# Convection using a pressure--temperature look-up table and the rheology of Steinberger and Calderwood (2006)
*This section was contributed by Juliane Dannberg and René
Gassmöller.*
In this cookbook we will go one step further from the last one and set up a
fully compressible mantle convection model using the projected density
approximation (where the density is interpolated onto the finite element grid
to compute the density gradients in the mass conservation equation rather than
approximating these gradients using a reference profile or
temperature/pressure derivatives of the density, see {cite:t}`gassmoller:etal:2020`).
To compute the material properties, we read in a look-up table of
material properties in dependence of temperature and pressure, originally
computed using a mineral physics software (in this case, Perple_X, {cite}`connolly:2005`).
The table is based on the thermodynamic database of {cite:t}`stixrude:lithgow-bertelloni:2011`
and a pyrolitic composition {cite}`ringwood:irifune:1988`.
Compared to a 1D profile, a temperature-pressure look-up table has the
advantage that material properties are accurate not only around one reference
adiabat, but also for strongly deviating pressures and temperatures. This is
particularly important at phase transitions, because their depth depends on
the temperature and pressure.
This cookbook also demonstrates how to read in a viscosity profile from a data
file. Specifically, we use the profile and lateral viscosity variations due to
temperature from {cite:t}`steinberger:calderwood:2006`, which are based on mineral
physics constraints and surface observations.
In addition, this cookbook shows the use of periodic boundary conditions.
## Geometry and periodic boundaries.
The model setup is a quarter spherical shell with periodic side boundaries.
The inner and outer radius are 3481 km and 6371 km, respectively, so
that the mantle is 2900 km deep. In the same section of the input file,
we also need to specify that the model should have periodic boundaries in
angular ($\phi$) direction:
```{literalinclude} geometry.part.prm
```
Both the top and bottom boundaries allow for free slip. Because the model has
periodic side boundary conditions and free slip boundaries at top and bottom,
the amount of rigid-body rotation in $\phi$ direction is not constrained. In
other words: There is no unique solution. ASPECT can remove this nullspace from the
model (see {ref}`sec:methods:nullspace-removal`). Here, we do this by setting
the net rotation to zero:
```{literalinclude} nullspace.part.prm
```
The temperature is fixed to 273 K at the top and 3773 K at the
bottom boundary. The initial temperature model consists of an adiabatic
profile, thermal boundary layers at the surface and the core-mantle boundary,
and a small harmonic perturbation to initiate convection. The gravity profile
in the model is based on PREM.
## The equation of state
To use material properties from a temperature--pressure look-up table, we
use the Steinberger material model. We have to specify the path to the
directory where all the data files we want to use for this model are stored.

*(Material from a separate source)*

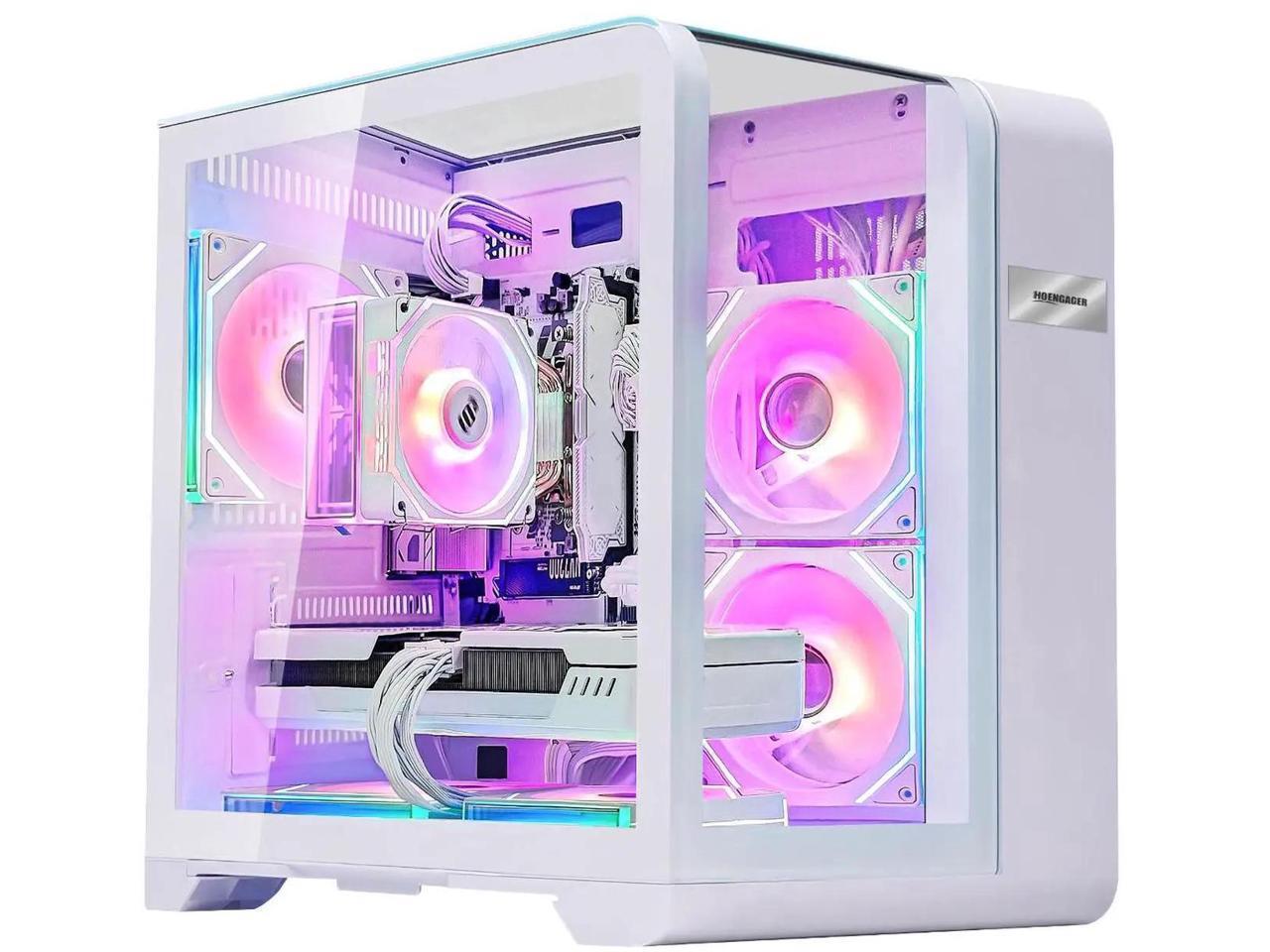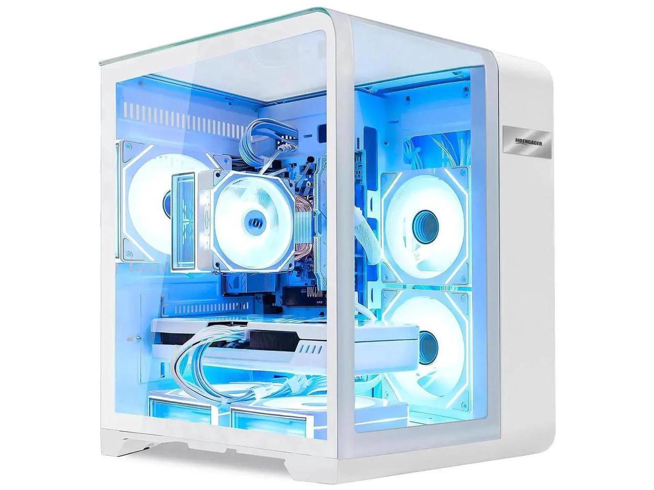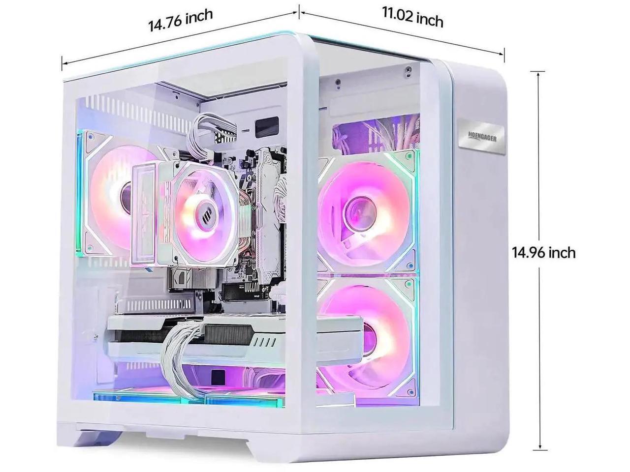 Hoengager Astral Mini Gaming PC -AMD Ryzen 7 7700 8-Core 3.8 GHz-RTX 5060 8GB -32GB DDR5 6000MHZ RAM-1TB PCIe SSD -WIFI &Bluetooth -RGB Fans-Prebuilt PC Windows 11 Desktop 650W PSU-White

This includes the files for the viscosity profile, the lateral viscosity
variations due to temperature, and all material files containing look-up
tables computed by mineral physics software. In addition we have to specify
the names of these files. In our case, we only have one of these look-up
tables, because we only have one composition: pyrolite. But in principle, the
material model can use several compositions with one look-up table for each.
For intermediate composition values, material properties will then be averaged
based on the mass/volume fractions of the individual compositions.
In addition, there are a few options we can select about how these look-up
tables should be used: We can decide between interpolating between data points
in the lookup table based on the pressure and temperature at the point we need
the material properties for, or we can simply take the value from the table
that is closest. In our case, we choose the bilinear interpolation because it
is more accurate. Second, we can decide how latent heat should be computed:
from the thermal expansivity and specific heat, or from the enthalpy (all
three properties should be columns in the look-up table). In some cases the
look-up table contains the effective thermal expansivity and specific heat.
Using these effective properties automatically includes the latent heat
release and consumption at phase transformations in the adiabatic heating term
and the left-hand side term (change in thermal energy over time) of the energy
equation. In a case like that, we simply want to use these values without
using additional latent heat terms because latent heat is already included
automatically when using the properties from the look-up table. If the look-up
table contains thermal expansivity and specific heat without the effect of
phase transitions, then ASPECT can compute latent heat effects based on the pressure
and temperature derivatives of the specific enthalpy (using the approach of
{cite:t}`nakagawa:etal:2009`). In our case, we simply do not include latent heat at
all in our model. So the look-up table is computed without latent heat
effects, and we set the "Latent heat" parameter to `false`.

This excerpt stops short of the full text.